Click to enlarge / Match the data-enabled deliverable, service or product to stakeholder needs.

How should legal teams get started with data?  Here’s a prescription, along with a #RealTalk diagnostic.


In Post 066, I shared that law firm and law department leaders often ask me how to get started with data analytics. I also shared that I usually respond by asking about their most important strategic objectives.

For today’s post, I will play doctor and take a cut at a framework to serve as a prescriptive roadmap. The above graphic is the result. It visualizes a practical framework to think structurally about high-value applications of data.


To Design a Value Proposition for Data Analytics, Start with Clear Thinking Around Needs

As with any new idea, tool, service or product, the key to designing a successful value proposition is to think deeply about the needs of the intended end-user.

Decision support, when applied to sufficiently high-stakes contexts in both the business of law (e.g. new business models for legal service delivery) and practice of law (e.g. litigation finance), likely offers the highest probability of generating material economic returns or a strategic leap forward for the sponsoring organization. Of course, identifying the decision opportunity and shaping the analytics approach requires a high threshold of domain knowledge as well as technical expertise across both data engineering and data science competencies — hence the need for a multi-disciplinary team.

Execution support. That said, for the time being, the most widespread data efforts in the legal market probably still focus on fairly familiar products around business intelligence, operational dashboards and financial reporting.  While there is plenty of opportunity here for useful deployment of data-informed decisions and actions, the pace of innovation here is unlikely to hit a drastic inflection point due to the heavy burdens around process improvement and change management for data handling, on an organization-by-organization basis.

Persuasion. Broadly in the world, the art of storytelling has gotten almost as much adoration as data science in recent years, but this is one area that hasn’t gotten much traction in legal. (Let’s see if 2019 brings us a bit more ✨ sparkle.)


Common Complaints, Pain Points & 😱💀 Horror Stories 👻🤡

As with many other topics about new and evolving capabilities, dialogue about data in the legal industry can be confusing and contradictory. There is a material level of hype (Big 📊 Data 🤯 disrupting 🤯 Big ⚖️ Law!!) – paired per usual with the requisite cynicism and skepticism (LOL 😆 lawyers can’t speak data 😖😰🙄).

In the abstract, I 💖 data. Full stop. 😍

Out in the real world, however, my adoration for data has many disclaimers, disclosures, and exceptions — particularly when it comes to the legal industry.  In this section, I address a few of my misgivings about the current state of data usage in the legal vertical, drawing not only on my own experiences but also the most common complaints I hear in my travels.

1. We Have the Data Sets We Deserve (but Not Always the Ones We Need 🦇)

This is often how it starts. Because most legal organizations are in possession of some data assets, and because data-informed or data-driven methods are all the rage these days, many organizations embark on directionless and costly exercises to squeeze insights from the data they already have.

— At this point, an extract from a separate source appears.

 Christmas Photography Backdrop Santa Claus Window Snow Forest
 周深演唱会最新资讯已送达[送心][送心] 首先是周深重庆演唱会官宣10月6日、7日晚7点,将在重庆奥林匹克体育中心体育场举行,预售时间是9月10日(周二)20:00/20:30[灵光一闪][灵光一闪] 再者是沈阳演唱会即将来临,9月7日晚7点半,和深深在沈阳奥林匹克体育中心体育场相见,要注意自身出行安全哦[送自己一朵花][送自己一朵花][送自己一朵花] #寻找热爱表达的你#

Common scenario, full of traps.

Conversations that begin this way are hugely concerning to me.  What I hear in this exchange is “sure, I’d love to see something interesting or cool because it sounds like it’s free.”  That’s not a cost benefit equation with a high probability of a happy ending, for two reasons:

  1. Overvaluing existing data assets without regard to data quality or sufficiency (more on this a bit)
  2. Underestimating the cost and effort required to extract business value from those assets

On the business of law side, both data sufficiency and data condition are material concerns. A point worth noting here is that much of the existing business data in the legal industry oriented around cost to the buyer: most of the readily available data sets across law firms and law departments tend to come from time-and-billing systems and provide the history of transactions, essentially as accounting events. Of course, these data sets often suffer from material quality issues that require time and money to resolve.

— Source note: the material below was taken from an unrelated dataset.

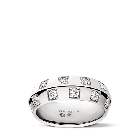 Le Damier de Louis Vuitton Large Ring, White Gold and Diamonds

Very few law firms and law departments have comparable depth or volume of data oriented around value delivered. In other words, there are precious few readily available and reliable systems of record that capture the history of legal events through which the service provider created and delivered value to the buyer of legal services. On a per-organization basis, more practice management or experience database solutions are emerging to help create this record, and in very few cases correlate those events directly to billing data. However, in 2018, such efforts are relatively nascent, particularly relative to the time-and-billing systems that have served law firms as their primary mission-critical system for many decades.

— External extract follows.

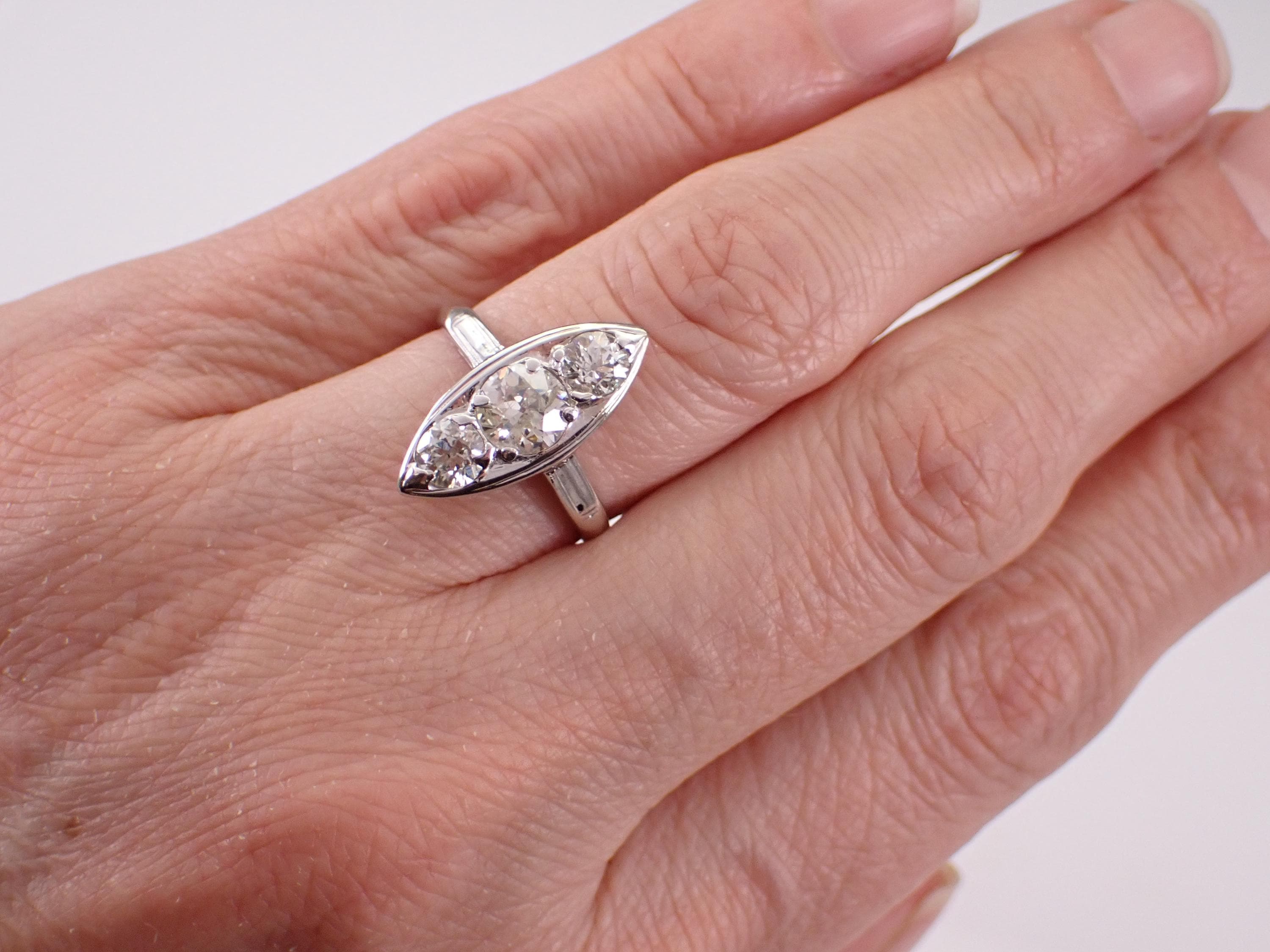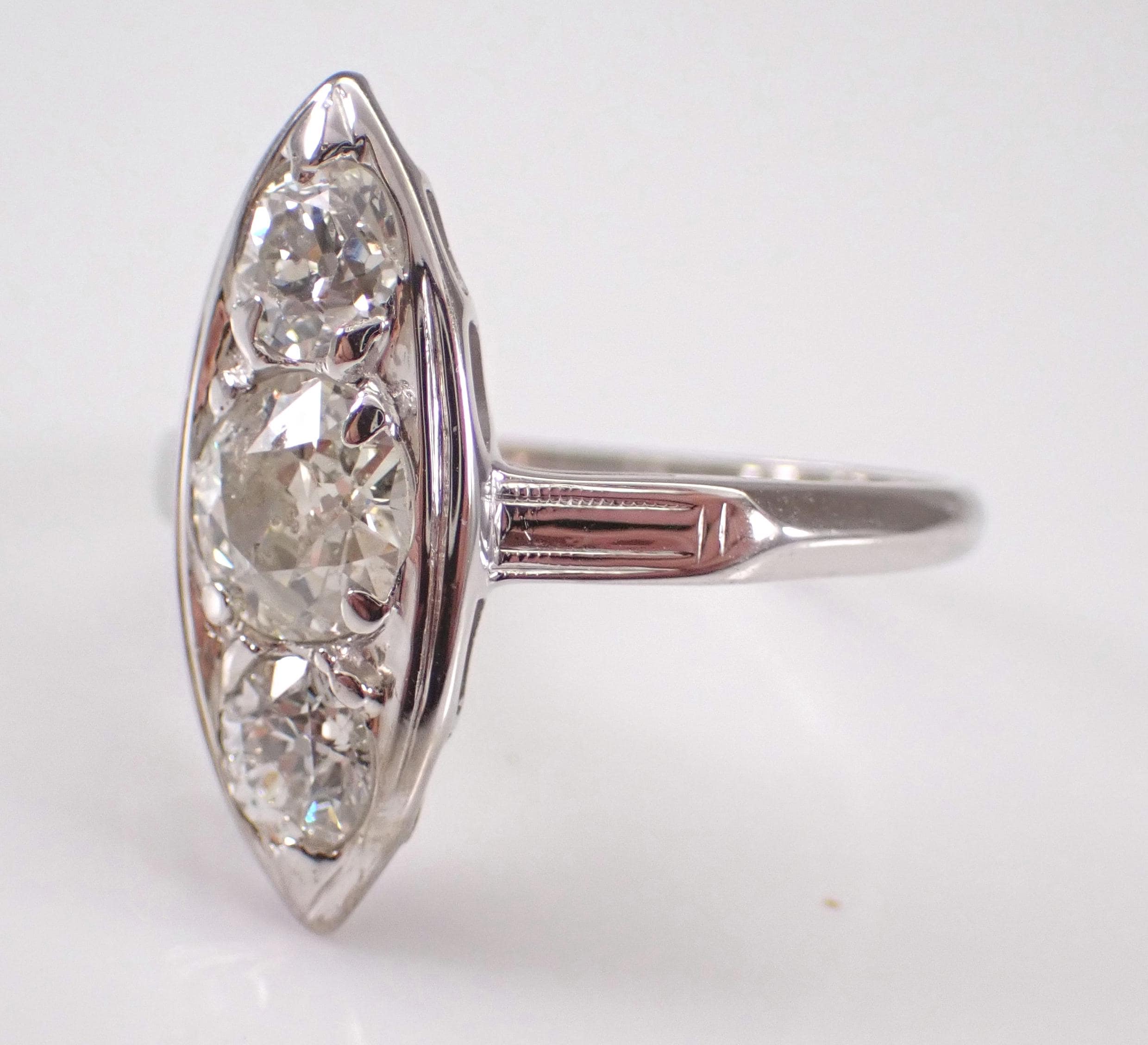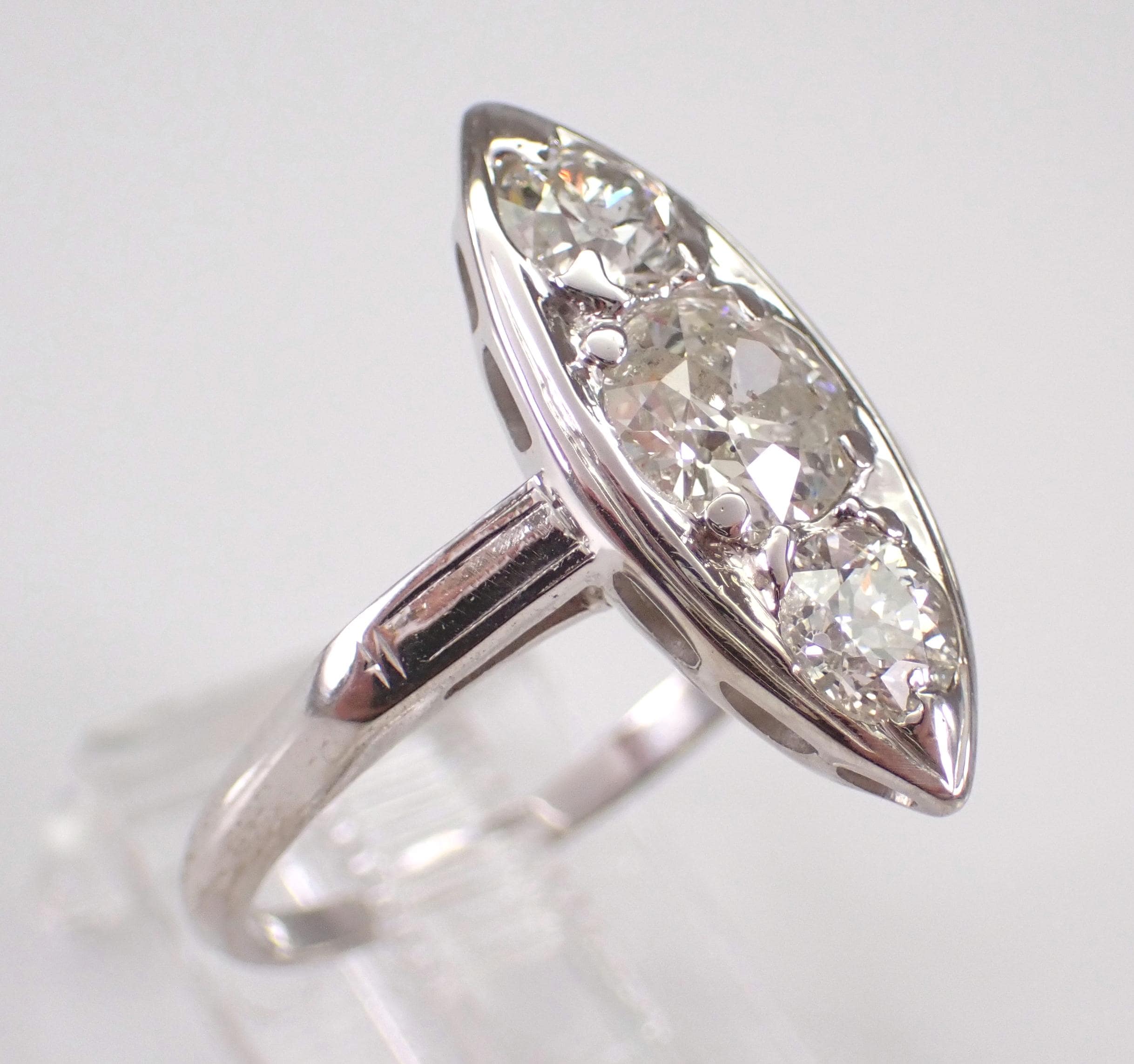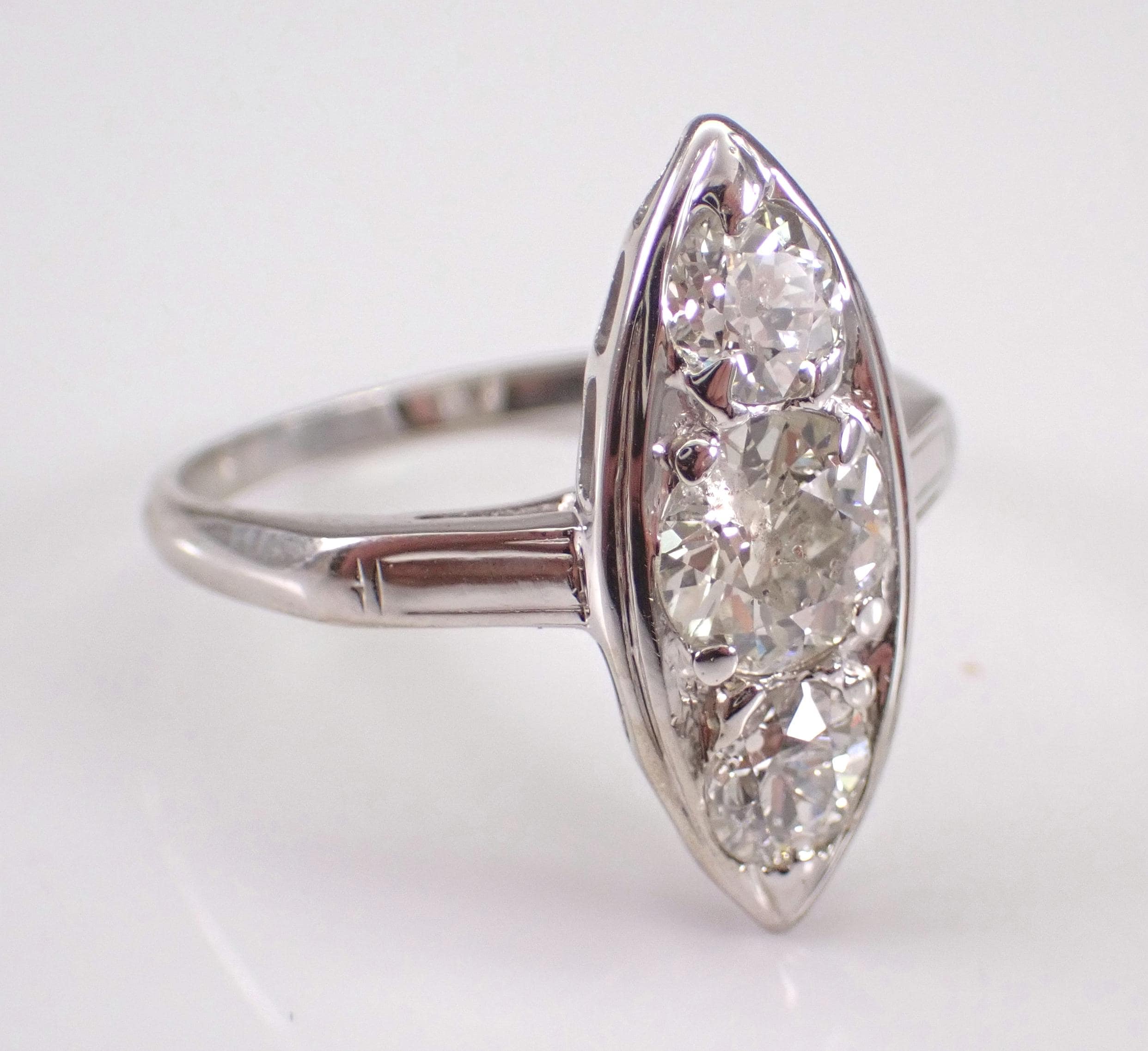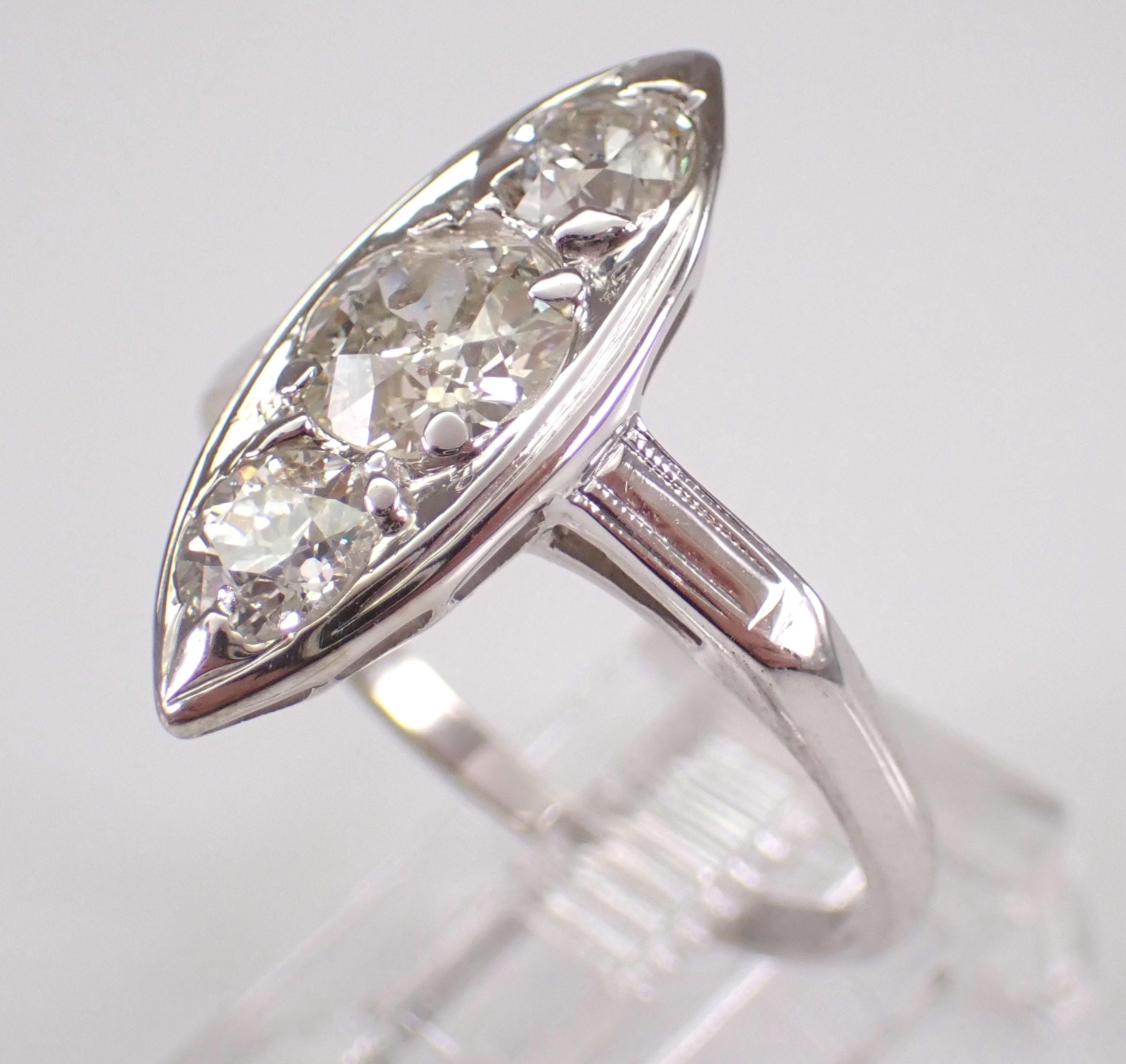 Antique Vintage 14K White Gold Diamond Ring. This ring is set with three genuine Round Old Miner Diamonds. The center diamond is H color, I1 clarity and weighs .90 carat. The two side diamonds are H color, I1 clarity and weigh a total of .60 carat. This ring is 14KT White Gold, weighs 3.3 grams, measures 19.5 mm along the finger and is a finger size 6 3/4, which can be resized (please inquire about sizing with the finger size that you need). This ring is in excellent condition and will be accompanied by an appraisal by a GIA Certified Diamond Grader with the retail replacement value of $6,495.00. I will ship this ring promptly in a gift box.

In such instances, the upside potential of the project often has a hard ceiling — yet issues with data condition can mount, not just in hard dollar expense but also time lag and overall drag on the organization. Particularly in projects without a sharp focus on the end-goal, those costs and subsequent adverse impact on the organization can be significant: not least, the potential for change fatigue and mounting resistance to future endeavors involving data.

In short, designing an analytics program at scale represents a material investment of organizational resources.  To secure sufficient ROI on such an effort, analytics must meet a higher bar than simply being interesting — analytics must be useful. And the overall utility and value proposition of the data effort should, whenever possible, be articulated at the outset, not while a costly effort is in flight.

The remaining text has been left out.